Thankfully, the recent stock market decline may keep our feet firmly on the ground. This is a time when investors should review their portfolios and make adjustments by offloading deadweight, shifting into defensive sectors and putting stop losses into place.
Usually, when investors shun stocks, they head for the bond markets which are considered safer investments. You get a fixed income annually and if you hold it to maturity, you get back your principal. But bonds suffer from interest rate risk.
In the past, bond prices had plunged by 20-30% when interest rates double. As the US bond market is much larger than the stock market, many “risk averse” investors are going to feel poorer due to the losses from their fixed income assets.
When Ben Bernanke will raise interest rates is unclear but if futures on Federal funds are any indication, the zero-rate policy is likely to be abandoned in November or December. Indeed, with the economy is on the mend, Ben Bernanke has little excuse to delay raising interest rates and combat inflation. We may even see hyperinflation by 2012, thanks to energy/commodities which are in a secular bull market and the Fed’s misjudgment.
If you still favor bonds, you should go for short term Treasuries (3-6 months) because the longer the maturity date of your bonds, the higher your losses if rates surge. Right now, anything more than 2 years is a dangerous bet.

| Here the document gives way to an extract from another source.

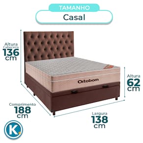 Conjunto Casal Colchão Airtech + Cama Box BauColchão Ortobom Casal com 25cm de altura, ideal para conforto no uso diárioTecido em poliéster que garante toque suave e boa ventilaçãoSuporte de até 120kg, ideal para diferentes biotipos com firmeza balanceadaBase baú casal com 37cm de altura e amplo espaço interno para organizaçãoRevestimento em Veludo , fácil de limpar e com visual modernoEstrutura reforçada com capacidade para até 150KgFicha Técnica Colchão:Modelo: AirtechMarca: OrtobomTamanho: CasalTecido: PoliésterLargura: 138cmComprimento: 188cmAltura: 25cmSuporte de Peso: 120KgGarantia: 3 MesesFicha Técnica Cama Box Bau:Modelo: PopMarca: NatureTamanho: CasalTecido: VeludoLargura: 138cmComprimento: 188cmAltura: 30cmAltura dos Pés: 7cmMaterial dos Pés: MadeiraSuporte de Peso: 150KgPeso: 35KgGarantia: 3 MesesAtenção:Antes da compra certifique-se de que o produto passa por elevadores, portas e corredores.As transportadoras não realizam entregas por escadas ou içamentos.Caso o item não caiba no elevador, a entrega será considerada concluída no térreo do prédio.A cor e tonalidade do produto pode variar de acordo com o dispositivo que o usuário está acessando.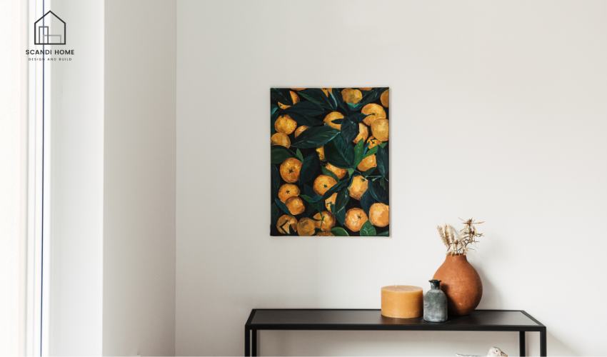 Một hoặc hai bức tranh đơn giản có thể mang đến nét cá tính riêng cho phòng khách. Trong phong cách tối giản, hãy ưu tiên tranh đơn sắc, tranh line-art, hoặc ảnh chụp phong cảnh nhẹ nhàng. Kích thước nên vừa phải, không quá lớn và tránh khung quá dày.

In the stock market, rising rates which translates to a higher cost of capital, will be detrimental to businesses but especially so for financial, property and construction counters. With higher installments, investors will think twice about purchasing houses. The effect of fewer buyers coupled with desperate sellers who are on floating rate mortgages and about to reset higher will not be kind to the property sector. REITs, if they happen to have excessive debts and require refinancing, will also be tested once interest rates increase.
As for China, it is losing its luster as a get-rich-quick destination right now. The government has clamped down hard on property speculators, restricted hot money inflows and outflows and it may yet raise banks’ reserve ratio requirement for the nation’s banks to 18%.

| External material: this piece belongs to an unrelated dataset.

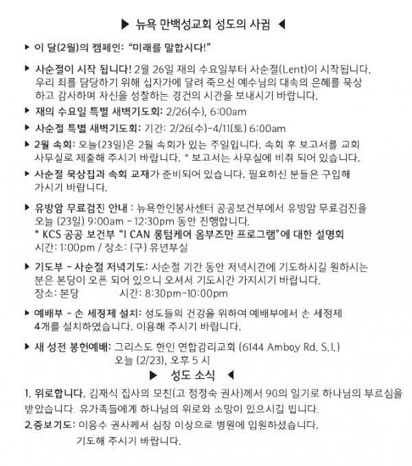 [교회소식] 2020년 2월 23일 뉴욕만백성교회 성도의 사귐

All these measures are calibrated to burst the bubble and yield benefits in the long term, but in the short run, nobody knows if the pendulum will swing too far and result in a second dip. Thus, parking cash in yuan, hoping there will be an appreciation, is not a sure bet if the Chinese economy cools down drastically.
Under such circumstances, gold remains the favorite asset for investors who love a safe haven. Even if gold achieved a year high of $1169, there is more upside to go. The frenzy which ensues from a European collapse will only add to gold’s appeal. And with the ongoing debasement of US dollar, gold has no direct competitor when it comes to preserving our purchasing power.
You can print out trillions of dollars to pick up the slack in the private sector or distort market machinations but you cannot change the primary trend which shows that stocks are in a secular bear market. The stock market can go up higher or lower but it has to come back to its equilibrium, say Dow Jones Index of 10,000, which is why some astute pundits have pointed out that this round figure is nothing to crow about and we will see more of it before the whole episode is over.
As I mentioned in my last post, this is not a year to attempt speculative activities and buying stocks aggressively is a dangerous approach. However, I do encourage buying on the dips, say after 10-15% correction. We have not seen the worst of the carnage which will probably gain momentum in June but if it is any consolation, there could be a rebound in early 2011.